Há um filósofo contemporâneo que aprecio muito, chamado Michael J. Sandel. Num tempo em que o diálogo político se está a contaminar de radicalismos, indignações e caricaturas, Sandel é um desses homens sensatos cujo espírito crítico recusa rótulos e que, entre a esquerda e a direita, vai trilhando um caminho autónomo, fazendo avisos e dizendo o que pensa.

No seu livro mais recente, publicado entre nós com o título O Que o Dinheiro Não Pode Comprar, Sandel desenvolve uma interessante reflexão sobre os limites morais dos mercados. Segundo ele, “um dos desenvolvimentos mais significativos dos nossos tempos” é o modo como os mercados, os seus valores e a sua lógica de funcionamento têm vindo a penetrar “em aspectos da vida tradicionalmente regidos por normas não mercantis”. O autor dá vários exemplos: na África do Sul, é possível pagar para caçar espécies em vias de extinção; em certos estados norte-americanos, os presos podem pagar para ter celas mais confortáveis; na Índia, muitas mulheres pagam as contas alugando o útero a casais ocidentais inférteis. A partir de hoje, pode acrescentar mais um. O Estado português aluga o Panteão Nacional para banquetes de empresários estrangeiros.

O caso tem tanto de insólito quanto de indigno. O Panteão é um símbolo nacional por excelência, um testemunho vivo da nossa memória colectiva, onde se encontram sepultados tantos dos heróis que forjaram o nosso País. A par dos panteões régios de Alcobaça, da Batalha, de São Vicente de Fora e dos Jerónimos, o Panteão Nacional preenche um centro nevrálgico da nossa identidade colectiva. Usá-lo como salão de festas não ofende apenas a memória de quem nele encontrou a morada derradeira. Ofende-nos a todos, porque é partir do princípio de que o património de um povo pode ser alugado ou vendido a retalho.

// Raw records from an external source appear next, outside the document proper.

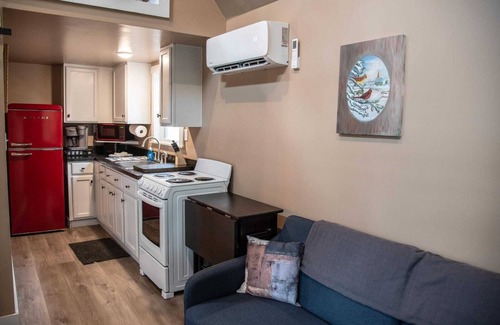 Queen loft bedroom, simple modern bath, outfitted kitchen with retro bright red refrigerator and all you need to feel right at home.
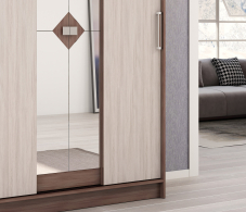 Шкаф-купе Агат обладает простым, но привлекательным стилем исполнения. Модель оснащена множеством полочек в центральном отделении и двумя евроштангами в боковых секциях.
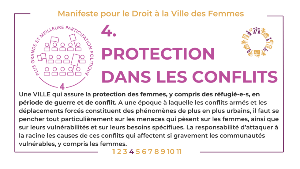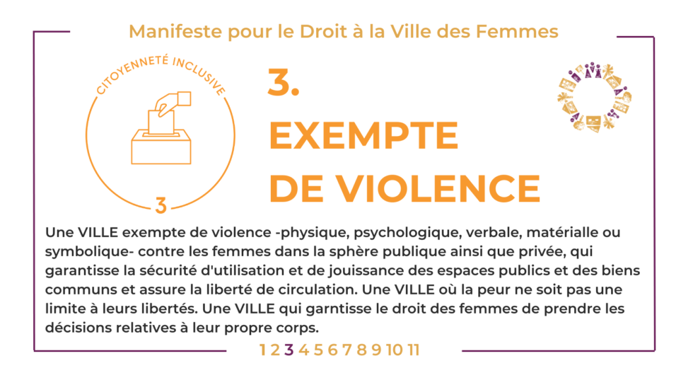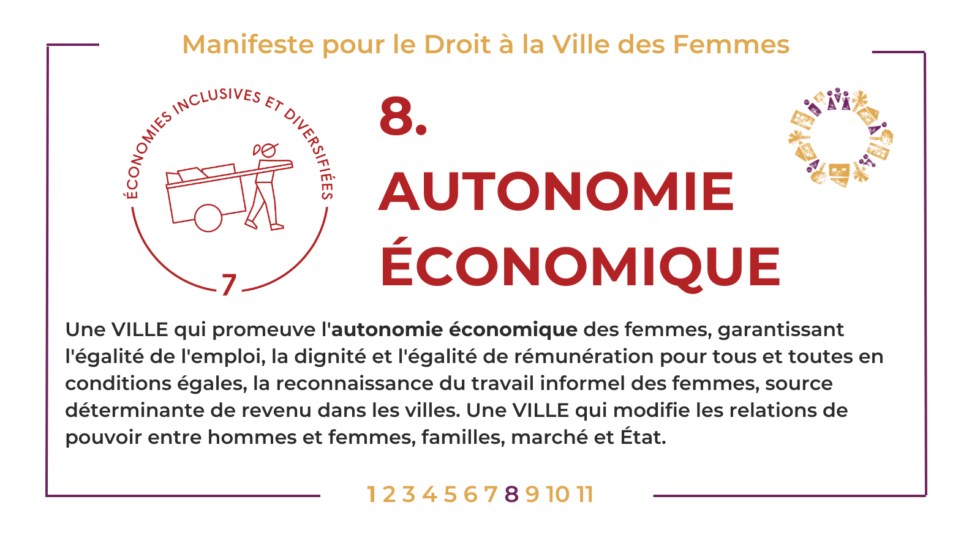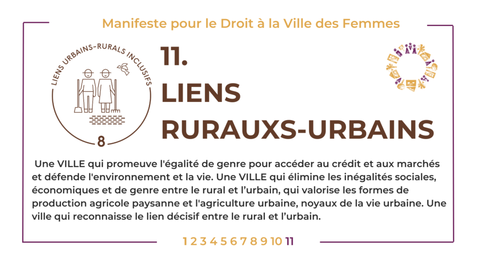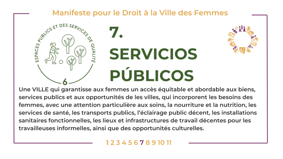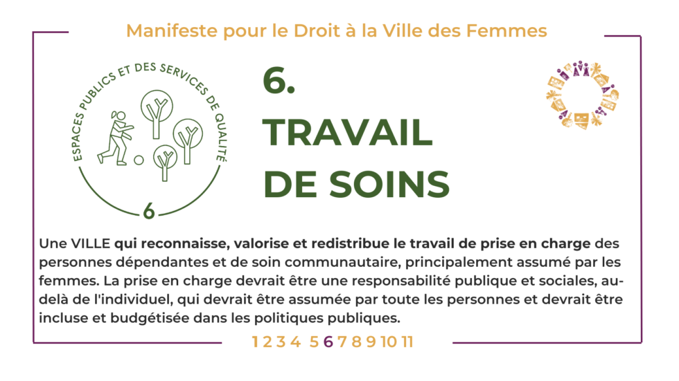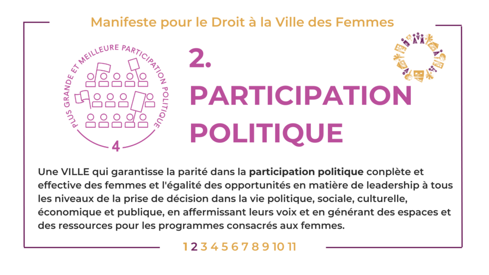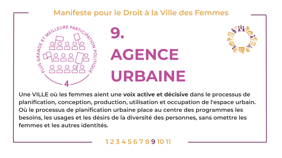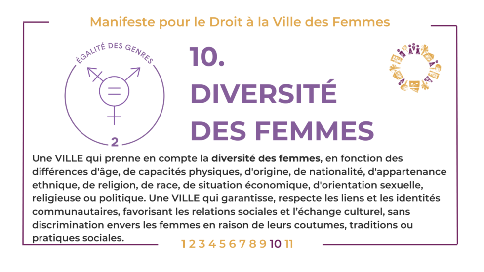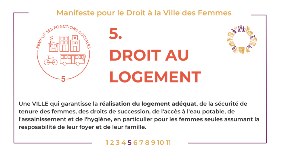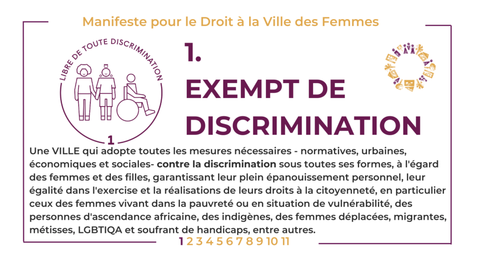 Nous jouirons d’un monde meilleur si les femmes peuvent réaliser tout leur potentiel, si elles ont la possibilité de participer à tous les niveaux de décision dans les dimensions politiques, sociales, culturelles, économiques et publiques de la vie, si elles se sentent en sécurité et libres, si elles ont un accès abordable à un logement adéquat et aux services publics, si le travail de soin est redistribué et inclus dans les politiques publiques, si elles ont un emploi, une dignité et un revenu égaux, si elles ont leur mot à dire dans le processus de planification, de production et d’utilisation des espaces urbains, si leur diversité est reconnue et respectée et si elles sont traitées avec égalité de genre.
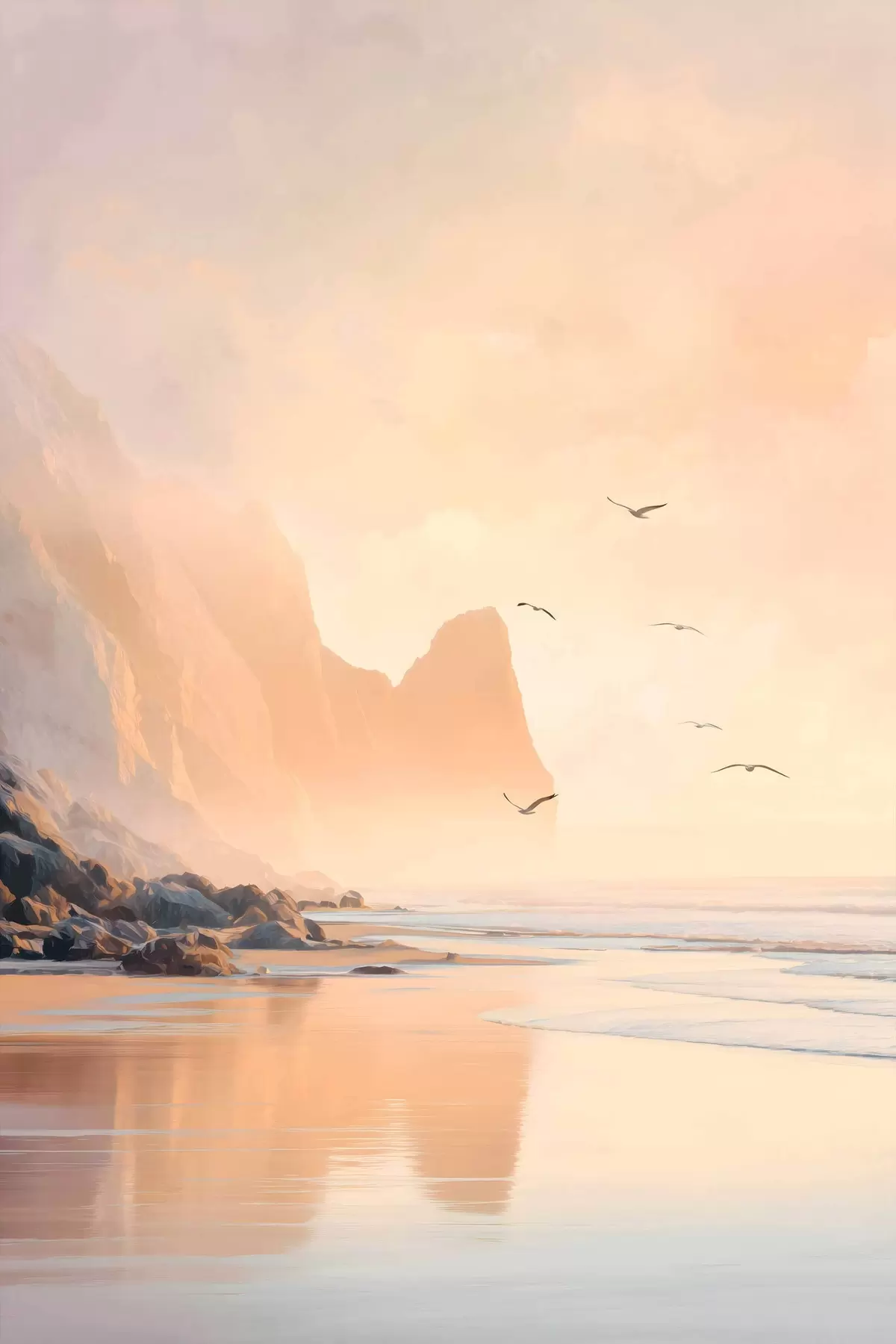 Picture ocean dawn against the backdrop of mountains Nr s47689

Sandel, que está longe de ser um socialista e reconhece os méritos da economia de mercado, explica que há certos domínios que devem estar vedados aos mecanismos mercantis. Justifica-o com duas razões muito concretas. Por um lado, preocupa-o a igualdade entre os cidadãos. Quantas mais coisas o dinheiro permitir comprar, mais importante se tornará a distribuição de rendimentos. Para minorar este desequilíbrio, Sandel não sugere uma redistribuição da riqueza. Propõe apenas que nem tudo esteja à venda, para que o dinheiro não seja o único critério de diferenciação entre as pessoas. Fazer festa ruidosa no local de sepultura dos heróis da Pátria deve ser igualmente proibido aos ricos e aos pobres.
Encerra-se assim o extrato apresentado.